Requirement:
In the material below, begin at the line that has "Three BORDER FINE", stop after the line that has "Most of the", and transcribe those lines exactly, without pictures.

Material provided:
□ □ □ □ □

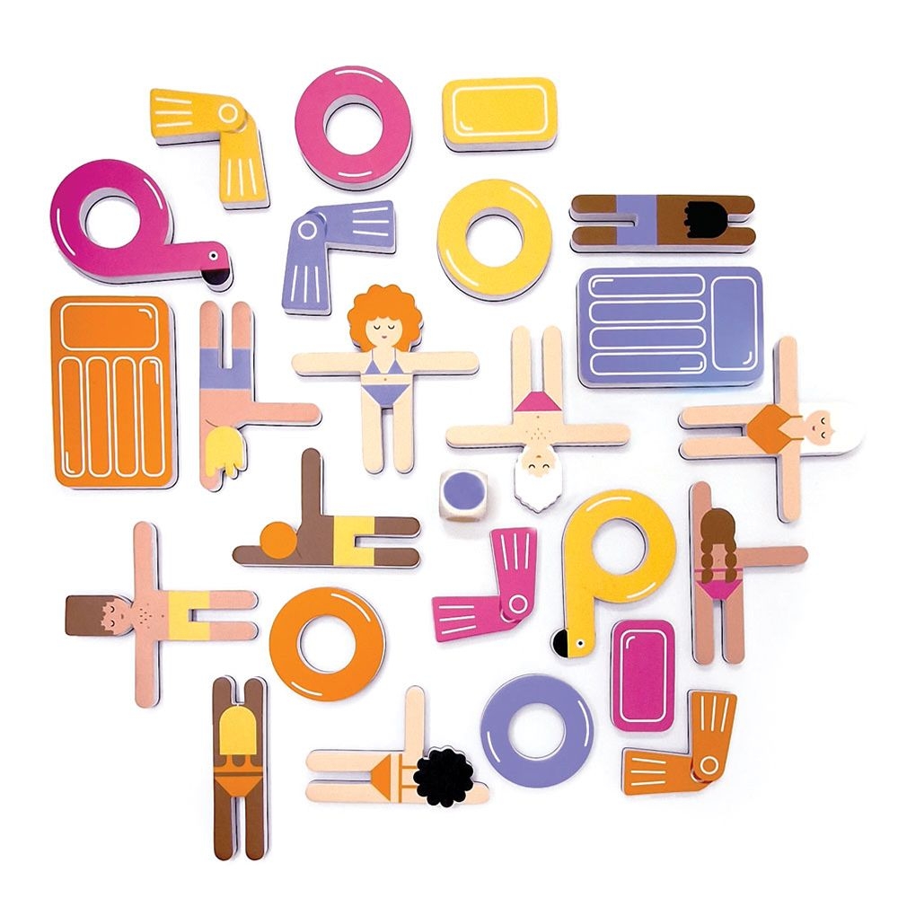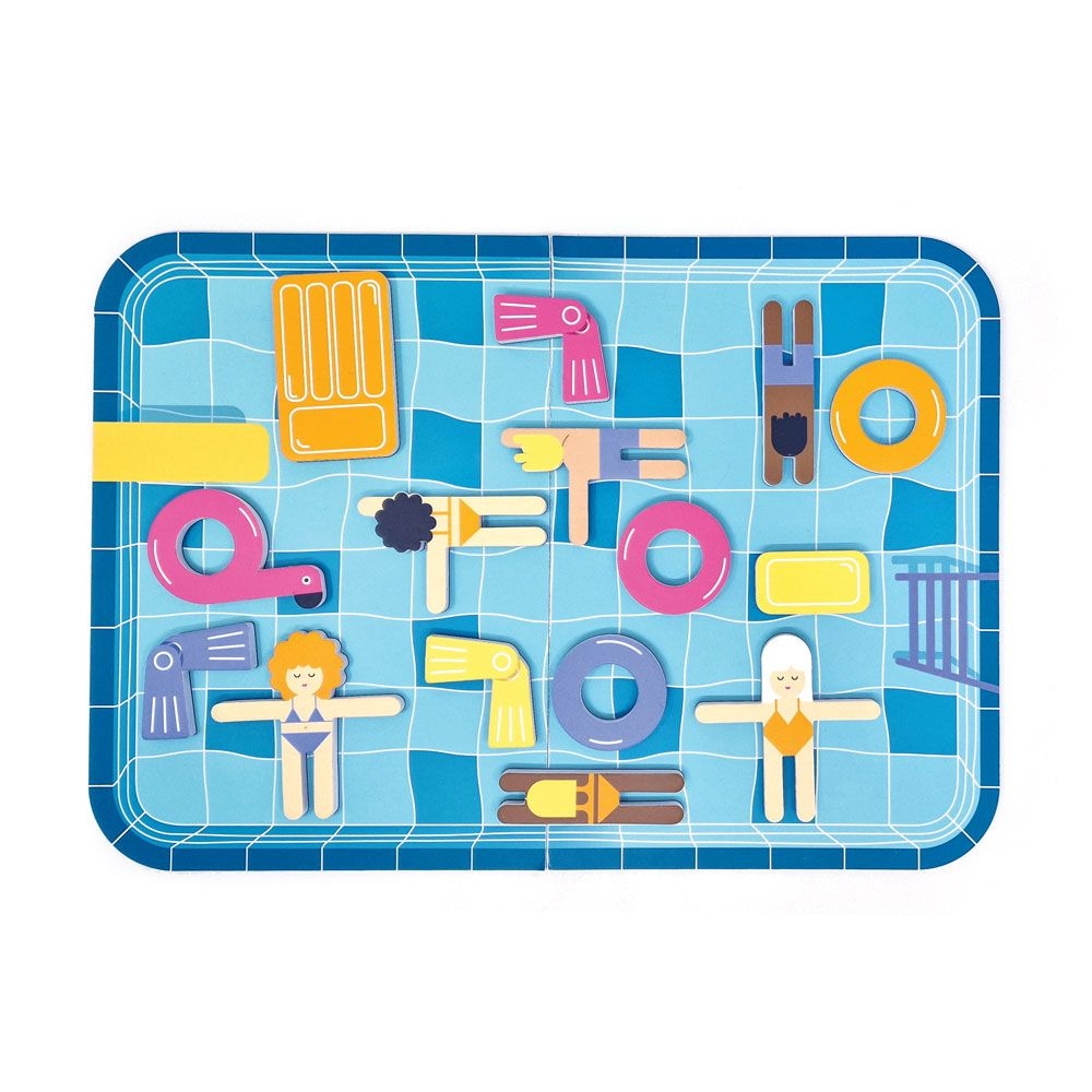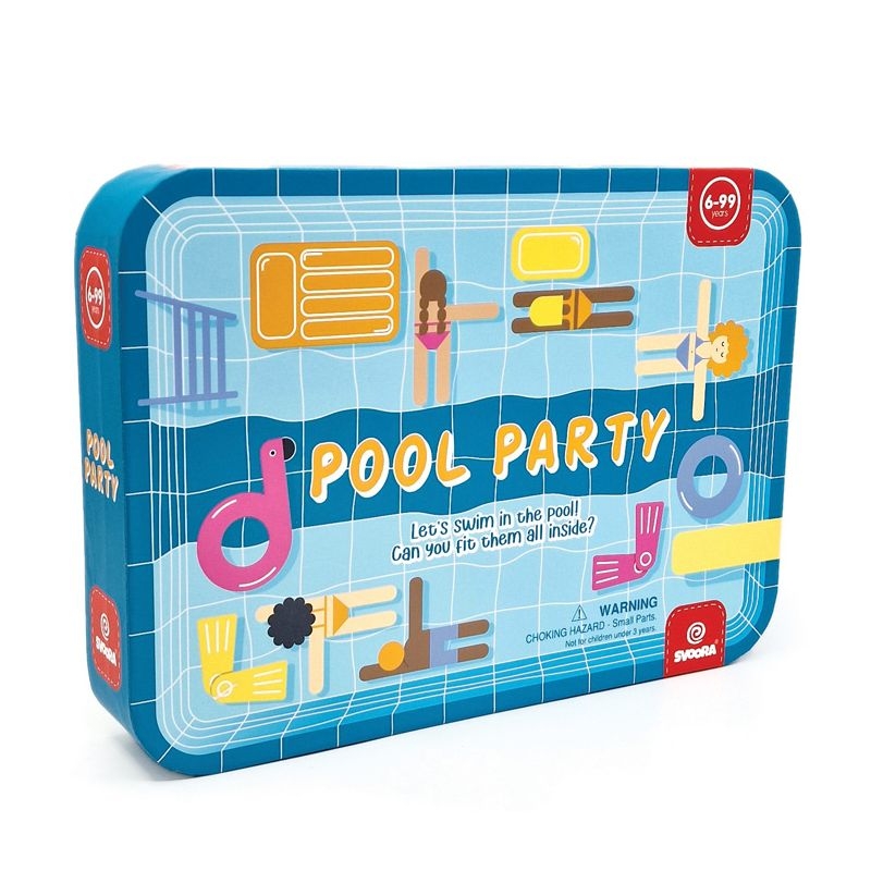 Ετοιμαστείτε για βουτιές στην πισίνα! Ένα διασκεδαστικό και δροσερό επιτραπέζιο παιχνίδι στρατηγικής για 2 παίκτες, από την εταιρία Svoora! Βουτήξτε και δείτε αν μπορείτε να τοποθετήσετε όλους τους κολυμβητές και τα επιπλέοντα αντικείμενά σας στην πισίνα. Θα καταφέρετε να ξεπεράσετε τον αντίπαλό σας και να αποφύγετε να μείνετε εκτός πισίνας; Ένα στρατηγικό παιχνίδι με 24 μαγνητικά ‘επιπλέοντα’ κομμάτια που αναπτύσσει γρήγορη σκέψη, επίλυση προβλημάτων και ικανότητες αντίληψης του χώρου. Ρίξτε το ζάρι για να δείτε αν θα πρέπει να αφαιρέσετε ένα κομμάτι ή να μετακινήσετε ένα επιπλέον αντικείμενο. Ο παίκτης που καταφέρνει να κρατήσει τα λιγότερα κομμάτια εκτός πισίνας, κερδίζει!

□ □ □ □ □

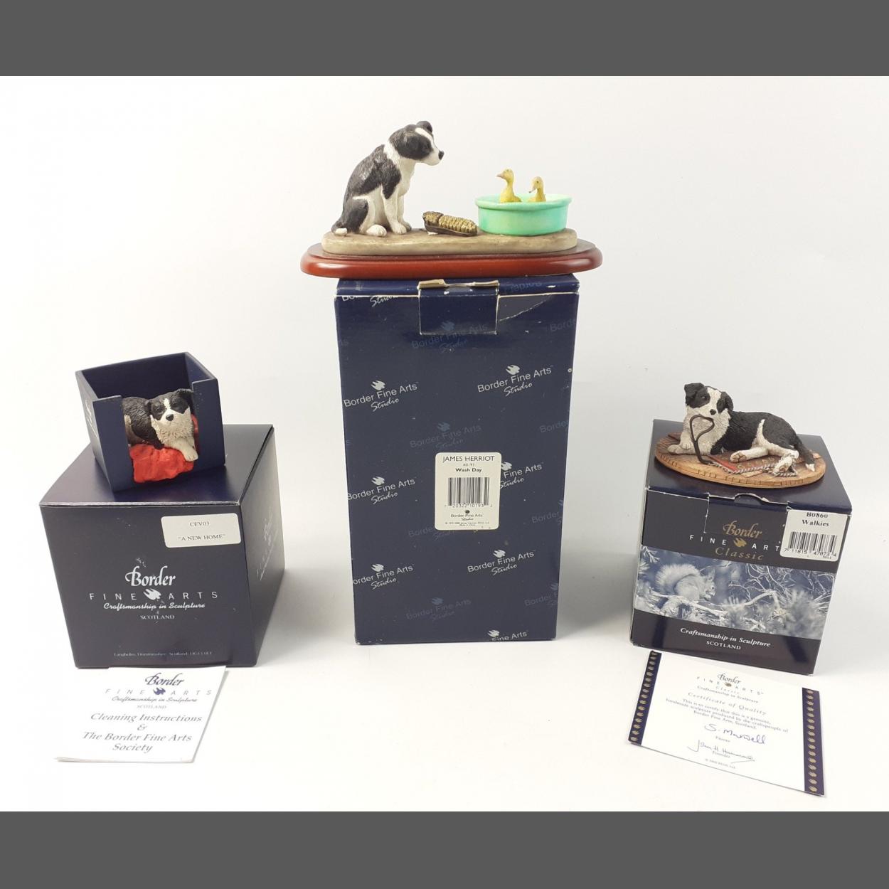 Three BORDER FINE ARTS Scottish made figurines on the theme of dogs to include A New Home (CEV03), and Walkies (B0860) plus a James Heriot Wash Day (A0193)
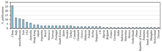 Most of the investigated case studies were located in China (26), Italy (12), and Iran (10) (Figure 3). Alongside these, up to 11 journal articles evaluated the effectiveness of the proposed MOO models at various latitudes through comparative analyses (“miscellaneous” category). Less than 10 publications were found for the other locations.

□ □ □ □ □

Reply to the task:
 Three BORDER FINE ARTS Scottish made figurines on the theme of dogs to include A New Home (CEV03), and Walkies (B0860) plus a James Heriot Wash Day (A0193)
 Most of the investigated case studies were located in China (26), Italy (12), and Iran (10) (Figure 3). Alongside these, up to 11 journal articles evaluated the effectiveness of the proposed MOO models at various latitudes through comparative analyses (“miscellaneous” category). Less than 10 publications were found for the other locations.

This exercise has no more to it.